Selecting the right drugs is critical for cancer survival , but existing methods that predict a patient’s response to a particular drug are not reliable enough. Resistance to chemotherapy is a major issue, as time is of essence in many cases. Therefore, it is of great interest to construct predictive models of chemotherapy response that physicians can use to prescreen the most promising treatment options. In recent years, the field of pharmacogenomics has emerged as a very promising area with challenging problems that can benefit from more attention from the signal processing community.
Several large-scale studies have been recently conducted to measure the gene expression (i.e. transcriptomic) profile of hundreds of cell lines and their sensitivity to tens to hundreds of different drugs [2, 3, 4]. The results of these studies, which are available in databases such as the Cancer Cell Line Encyclopedia (CCLE) , the Genomics of Drug Sensitivity in Cancer (GDSC) , and the Cancer Therapeutics Response Portal (CTRP) [3.5], bring predictive models linking gene expression to drug response closer within reach.
Numerous drug sensitivity prediction algorithms have been proposed to characterize the relationship between transcriptomic information and drug response [5, 6, 7, 9, 10, 8]. Emad et al. recently proposed a gene prioritization method called Prioritization of Genes Enhanced with Network Information (ProGENI) to rank genes that are closely related to a phenotype . With the ranked genes, the authors employed a kernel support vector machine (SVM) for drug sensitivity prediction, and showed that ProGENI–identified genes can better predict drug response compared to genes identified by other widely used prioritization methods such as Pearson correlation and Elastic Net (EN). In , through a collaborative effort between the National Cancer Institute (NCI) and the Dialogue on Reverse Engineering Assessment and Methods (DREAM) project, a comparison of 44 different drug response prediction methods was undertaken, among which the Bayesian multitask multiple Kernel learning exhibited the best prediction performance. However, the training was based on just 35 samples, which seems very limited. To handle the cases where the number of genes is greater than that of cell lines, the prevailing methods rely on some sort of sparse regression for gene selection, to help resolve the underdeterminacy that arises in even the simplest linear prediction models [11, 12].

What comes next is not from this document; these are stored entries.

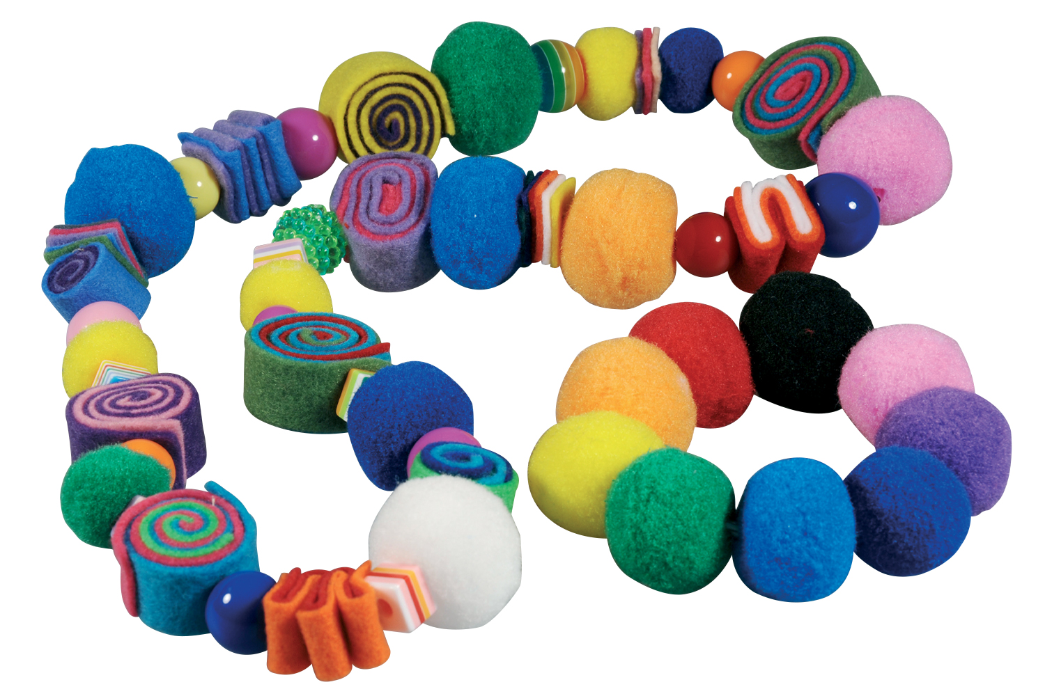 Para fabricar fácilmente hermosas pulseras y collares con estos pompones cuentas, usa hilo nylon, un cordón de algodón o una chenilla.
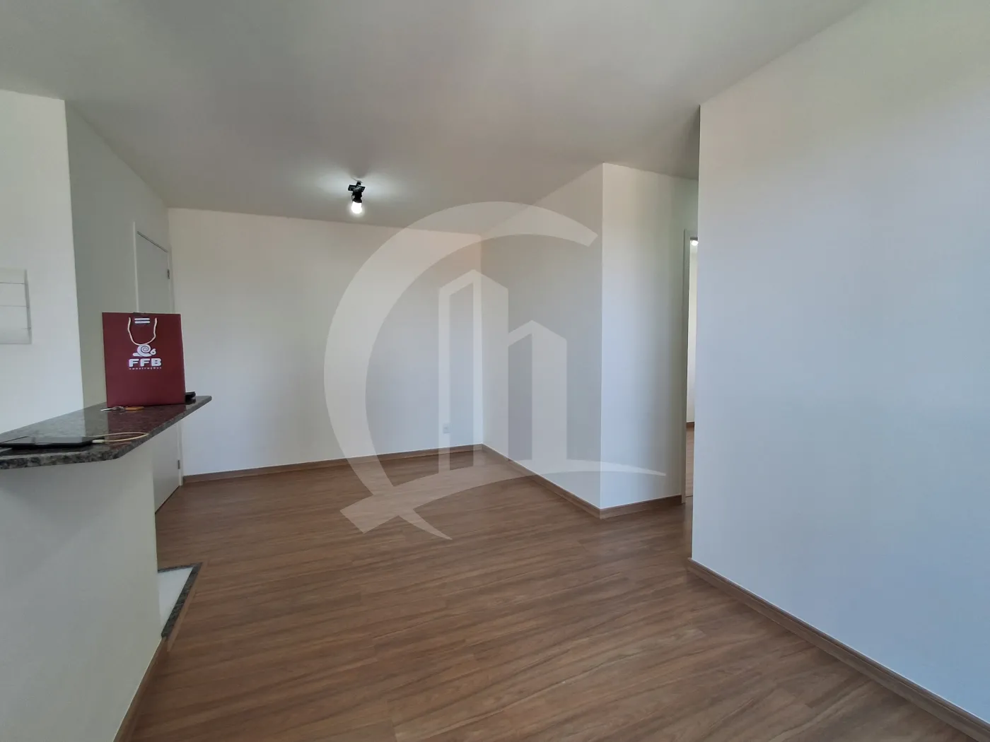 O imóvel conta com 2 quartos, sendo 1 suíte, e banheiro social com box.
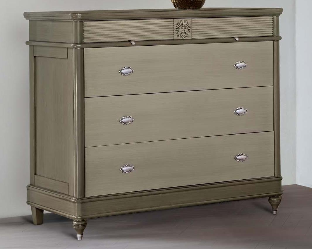 Комод от спального гарнитура Бурбон от фабрики Monte Cristo Mobili выполнен из натурального дерева в нестандартном оливковом оттенке и декорирован фирменной эмблемой и акцентной фрезеровкой, которая подчеркивает оригинальность изделия.
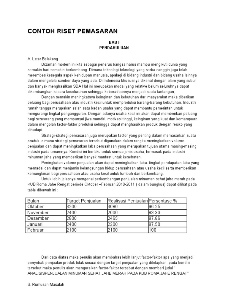 DOC) CONTOH RISET PEMASARAN | SITI AMINAH - Academia.edu
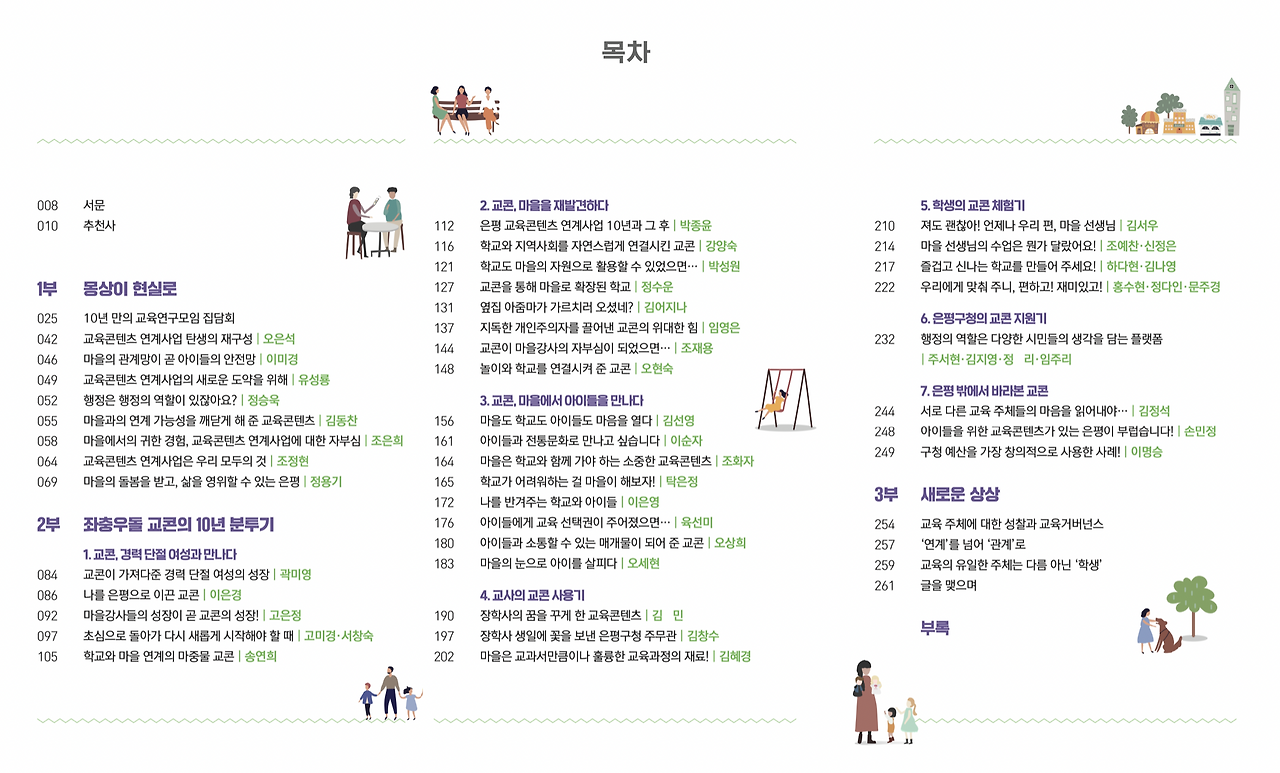 타짜에 나왔던 아귀처럼 혓바닥이 길어지면 험한 꼴을 당할 수도 있으니 말을 아끼고 본격적으로 책 소개를 해 보도록 하겠다. 제목은 <마을, 교육, 그리고 공동체>, 부제는 "은평 교육콘텐츠 연계사업 10년의 기록"으로 잡았다. 누가? 내가! 사례집에 참여한 저자는 "교육콘텐츠 연계사업과 함께 해 온 50명의 민관학"이다. 책의 꼴을 기획하는 것도 쉽지 않았지만, 50명 가까운 저자들과 만나 인터뷰하고 내용을 정리하는 것이 정말 만만치 않았다. 다음은 목차를 살펴보자. 목차만 봐도 읽고 싶은 마음이 차 오르지 않는가?
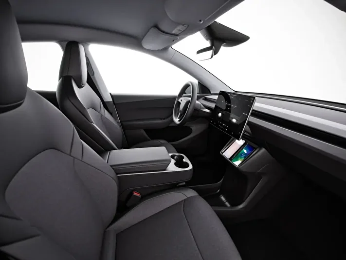 Tesla, Model Y Standard’ın kabininde de “minimalizm” felsefesini öne çıkarmış durumda. Bu versiyonda HEPA filtre yer almıyor, döşemelerde ise kumaş ve vegan deri kombinasyonu tercih edilmiş. Aynalar ve koltuklar manuel ayarlı, ön camlarda lamine cam kullanılmadığı için ses yalıtımı daha zayıf.
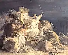 According to Herodotus, the Persian fleet initially numbered 1,207 triremes.[63] However, by his reckoning they lost approximately a third of these ships in a storm off the coast of Magnesia,[64] 200 more in a storm off the coast of Euboea,[65] and at least 50 ships to Allied action at the Battle of Artemisium.[65][66] Herodotus claims that these losses were replaced in full,[67] but only mentions 120 ships from the Greeks of Thrace and nearby islands as reinforcements.[68] Aeschylus, who fought at Salamis, also claims that he faced 1,207 warships there, of which 207 were "fast ships".[69] Diodorus[70] and Lysias[71] independently claim there were 1,200 ships in the Persian fleet assembled at Doriskos in the spring of 480 BC. The number of 1,207 (for the outset only) is also given by Ephorus,[72] while his teacher Isocrates claims there were 1,300 at Doriskos and 1,200 at Salamis.[73][74] Ctesias gives another number, 1,000 ships,[55] while Plato, speaking in general terms refers to 1,000 ships and more.[75]

In this paper, we take a different approach. Motivated by the observation that the gene expression matrix is approximately (very) low-rank, instead of relying on gene selection to obtain a well-posed problem, we propose a collaborative filtering (CF) approach based on joint low-rank biased matrix factorization and linear prediction from the latent space. It is worth highlighting that unlike existing methods that ignore the bias in the expression of different genes, CF takes this bias into account, which results in a more accurate model. We provide preliminary results that corroborate the effectiveness of the proposed method using real data from GDSC.
2 Proposed Method
One major challenge, even in large databases such as GDSC , is the large number of features (tens of thousands of genes) compared to the number of samples (hundreds of cell lines). Therefore, the prediction of drug response from gene expression is inherently under-determined. In the literature, the common way to deal with this problem is to judiciously select a small number of transcriptomic features through sophisticated feature selection methods such as sparse regression or other gene ranking strategies that utilize prior knowledge in the form of protein-protein interactions (PPI’s) and genetic interactions . The existing data sets contain both gene expression data of different cell lines and their response to different drugs, where the response of each drug is only measured for a subset of the cell lines. The experimentally measured gene expression data is naturally noisy and is not necessarily ‘centered’. We propose to model the intrinsically low dimensionality of the gene expression data while taking noise and bias into consideration, using a new method based on collaborative filtering.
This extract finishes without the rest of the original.